Innalillahi wainna ilaihi roji’un…

Kahlil Gibran menitipkan pesan indah, ketika kita bercengkrama dengan kebahagiaan di ruang tamu, sesungguhnya kesedihan sedang menunggu dengan sabar di pembaringan. Lalu, mampukah saya berpeluk mesra dengan kesedihan, -semesra saya memeluk kebahagiaan-, saat kesedihan menggantikan tempat kebahagiaan? Nyatanya roller-coaster hidup ini menghias keseharian saya dalam bulan Desember 2018 ini.
Desember pekan pertama, bahagia dan bangga menyelimuti, melihat ananda berbalut toga wisuda yang dilanjut adiknya yang turut berlomba antar negara. Minggu selanjutnya mata dan hati saya berbinar memeluk bahagia dapat melampaui ulang tahun berumahtangga untuk kesekian kalinya.
Dan pekan berikutnya, kesedihan datang dengan cepat, menukar tempat bahagia.
Jumat siang yang indah itu, Papa kembali kepadaNya untuk selama-lamanya. Begitu cepat dan dimudahkan semua prosesi kembalinya.

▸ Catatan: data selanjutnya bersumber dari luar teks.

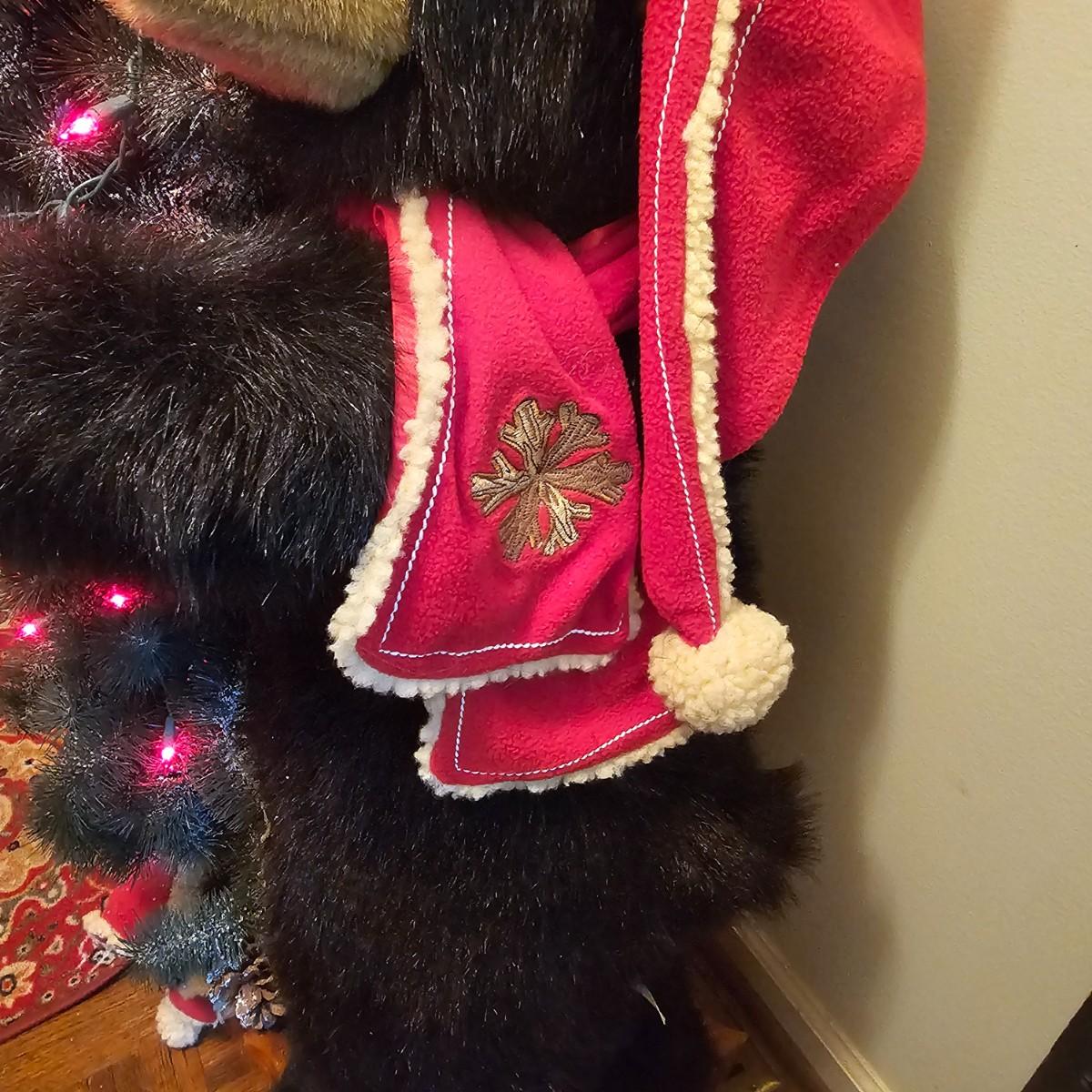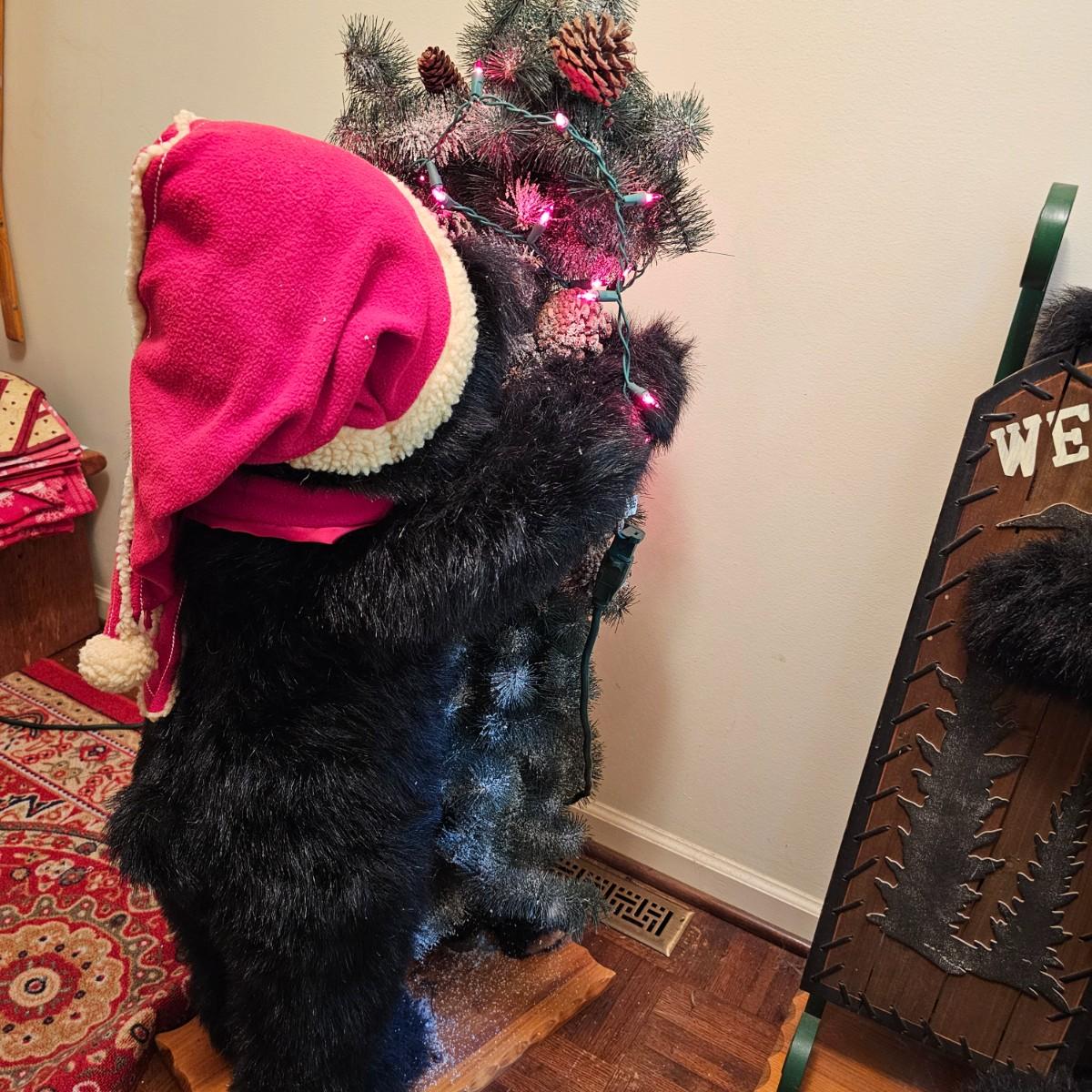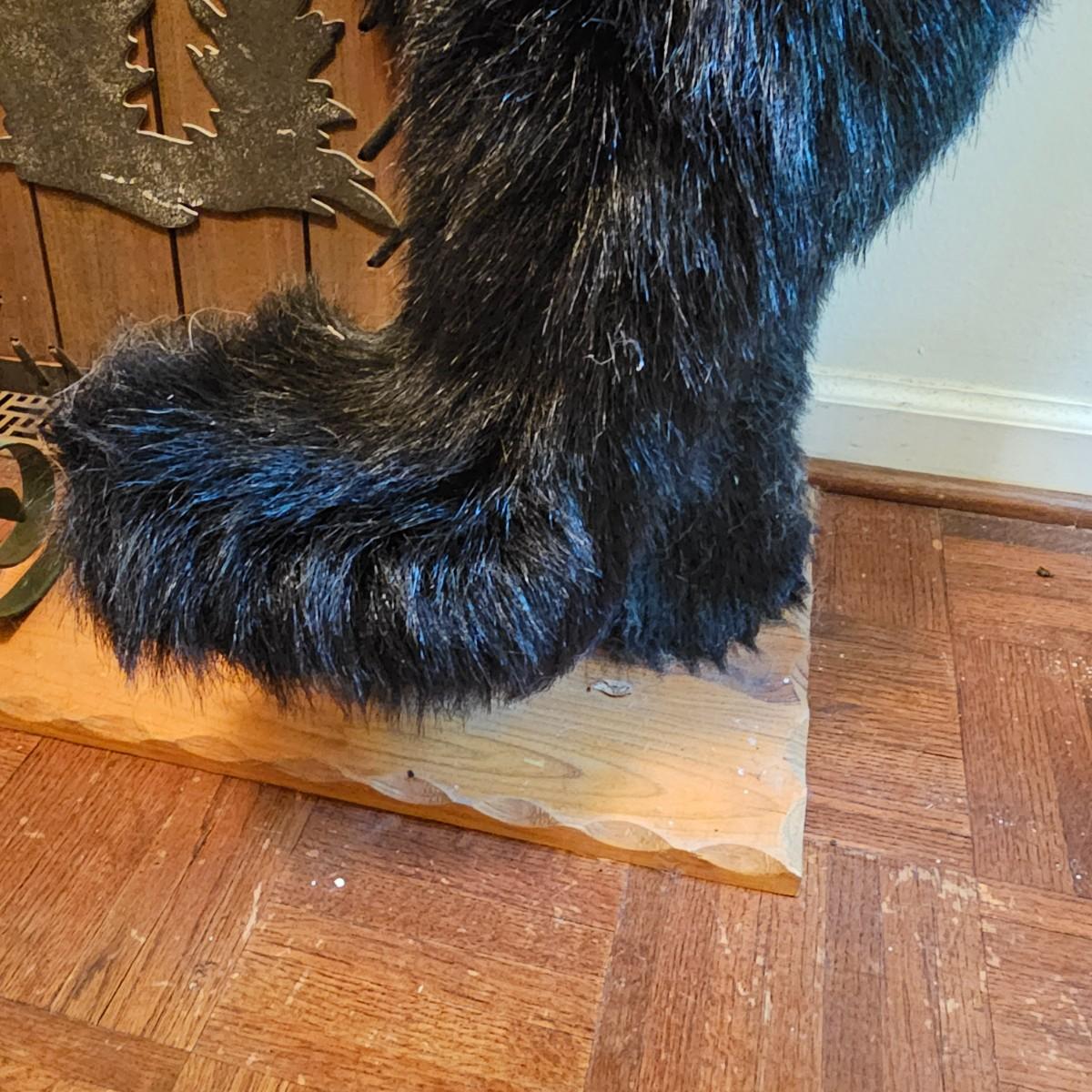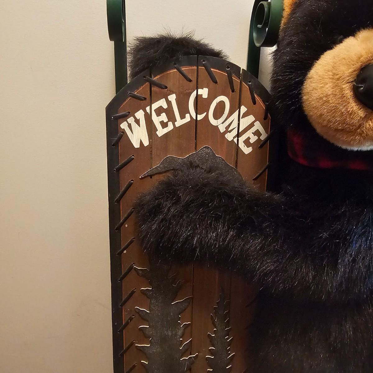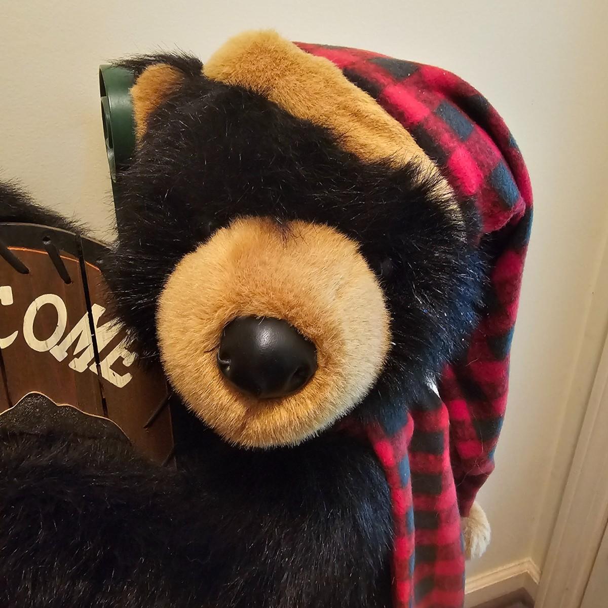 An adorable pair of soft plush bears in festive holiday attire to welcome your guests and liven your home. Bear with tree has red lights that work, and a small onlooker at the bottom of the tree. Felt hat and scarf keep him warm. Item measures 19" x 15" x 45"H, has scalloped edge wood base. Bear #2 holds a sled with a 'Welcome' greeting on it and pine trees below. Checkered hat and scarf, wood base and measures 19" x 15" x 40"H. Total cuteness! See photos for details. Local pickup only.

Hanya enam jam setelah tarikan nafas terakhirnya, almarhum Papa telah dibaringkan dalam kuburnya.
Kematian…
Sebaik-baiknya saya mempersiapkan hati, sejatinya tak pernah 100% saya siap menghadapinya. Kepergian Papa mampu membekukan saya, dinding-dinding tebal emosi terbangun sangat tinggi, melindungi hati duniawi, menangisi dia yang pergi. Tak banyak yang melihat saya dengan airmata berlinang, sebagian mereka hanya melihat senyum datar terkembang, walau di dalam, saya tertatih menata rasa.
Papa adalah pahlawan, bagi saya, keluarga dan Negara. Mama bercerita, saat itu, kesatuan dan keutuhan Negara diragukan, Papa maju dengan risiko kehilangan nyawa dalam kegelapan laut nun jauh disana. Dengan keahlian ilmu dan ketrampilan yang dimilikinya, dalam gelap ia memberi supply bahan bakar untuk mendukung Angkatan Laut Republik Indonesia membela Negara. Papa adalah senoktah kecil peran bela Negara.
Papa, bagi saya, adalah teladan keikhlasan dan berserah diri. Tak pernah segan ia membagi yang dimiliki, tak henti ia membagi ilmu selama mampu. Bahkan setelah stroke, dengan fisik tertatih ia masih memberi pelatihan di luar kota Jakarta bahkan di luar pulau Jawa. Untuk semua yang telah ia berikan, tak pernah sekalipun ia meminta balas. Ia ikhlas atas semuanya. Juga tipu daya dan khianat yang dilakukan sebagian dari mereka yang pernah menerima dari Papa. Ikhlas yang tak bertepi.
Papa, pria pertama yang mencintai saya, -anak perempuan satu-satunya-, dan selamanya cintanya menggema.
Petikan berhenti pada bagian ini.